En général, les exigences en matière de fiabilité et de sécurité peuvent être divisées en deux parties:

1 - Exigences pour les équipes travaillant sur les services cloud eux-mêmes
2 - Exigences établies par les services de sécurité et les agences gouvernementales

Si nous parlons des employés, l'objectif principal ici est de minimiser le "facteur humain" qui conduit à des incidents dans les domaines de la sécurité de l'information et de la technique.

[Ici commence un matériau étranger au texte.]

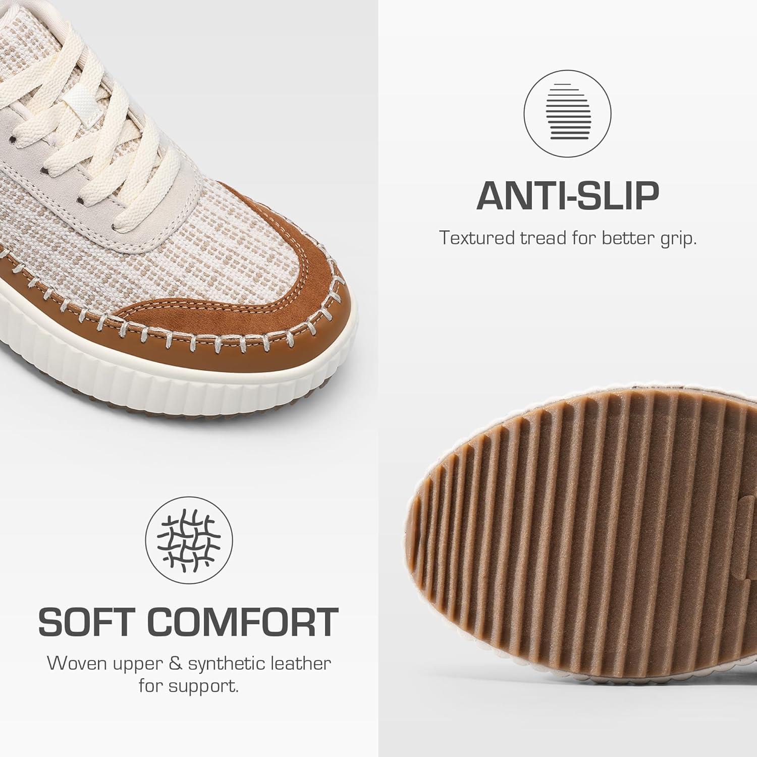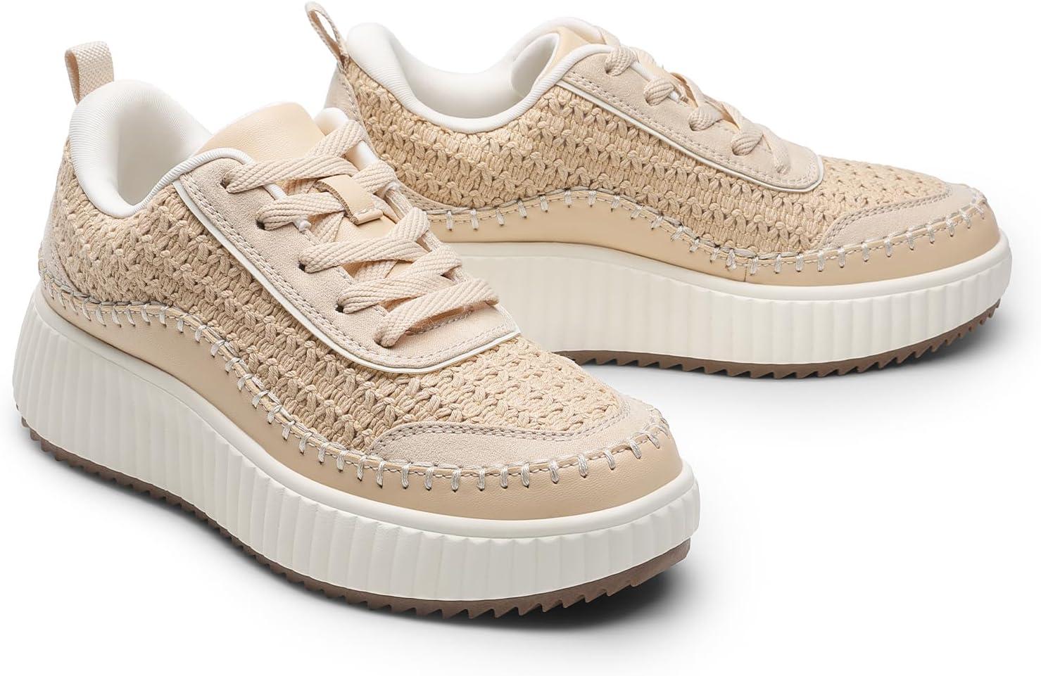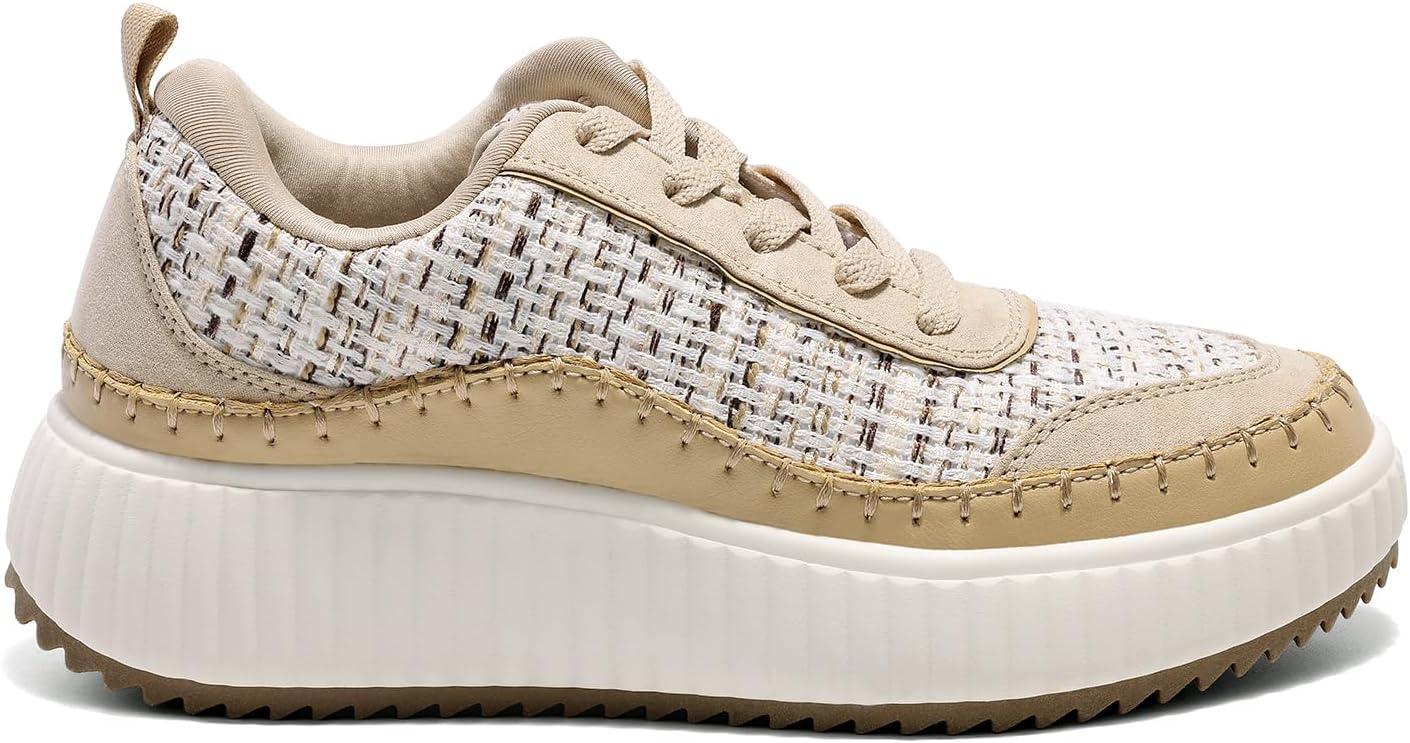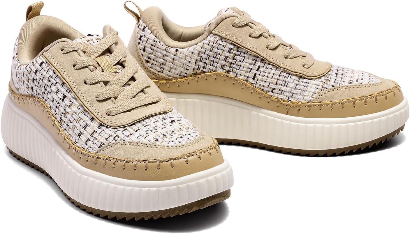 DREAM PAIRS Women Chunky City Tweed Comfortable Casual Platform Fashion Sneaker(Beige)

De plus, alors que les exigences pour les employés des centres de données sont plus strictes (pour réduire la possibilité d'erreurs humaines, idéalement chaque étape et action devrait être réglementée), les exigences pour les développeurs et gestionnaires ordinaires travaillant sur un service cloud particulier sont beaucoup plus souples (puisque leur tâche principale est d'écrire du code et de gérer des produits) et principalement axées sur l'élimination de la négligence humaine pouvant causer des problèmes.

Voici une liste de ce qui était requis des développeurs du fournisseur de cloud où j'ai travaillé :

• Tous les accès non liés au travail immédiat sont fermés (principe du moindre privilège)
• Emporter avec soi ou détruire tous les documents papier et effacer tous les enregistrements sur les tableaux dans les salles de réunion.
• Verrouillage de l'ordinateur s'il n'est pas utilisé
• Cours réguliers obligatoires sur la sécurité de l'information et certification ultérieure
• Audits réguliers du code et des processus par des personnes "externes".

En général, on peut ajouter un mot d'ordre que tout employé Cloud devrait réciter par cœur s'il était réveillé la nuit:

Seuls les deux derniers points sont discutables, tout le reste doit être mis en œuvre sans condition dans toute entreprise digne de ce nom. Les cours sur la sécurité de l'information et les audits sont plus typiques pour les grandes entreprises.

La deuxième partie est ce qu'on appelle généralement la Conformité et qui relève plus ou moins de la responsabilité de tout service de sécurité de l'information dans n'importe quelle entreprise.

1. Certification des processus de l'entreprise pour la conformité
2. Analyse et surveillance des menaces et réponse à celles-ci (dans toutes les intentions)
3. Suivi des mises à jour du logiciel, utilisation par les employés de l'entreprise
4. Formation et examen des employés

Ces listes, bien sûr, sont loin d'être complètes, car il n'y a pas de limite à la perfection et il n'y a pas de limites dans la sécurité des données.

Eh bien, pour finir, j'aimerais dire quelques mots sur les certifications et les audits.
Les technologies Cloud modernes sont "couvertes" par un grand nombre d'exigences qu'elles doivent respecter. Un exemple est la bien connue norme ISO 27001 ou le même RGPD.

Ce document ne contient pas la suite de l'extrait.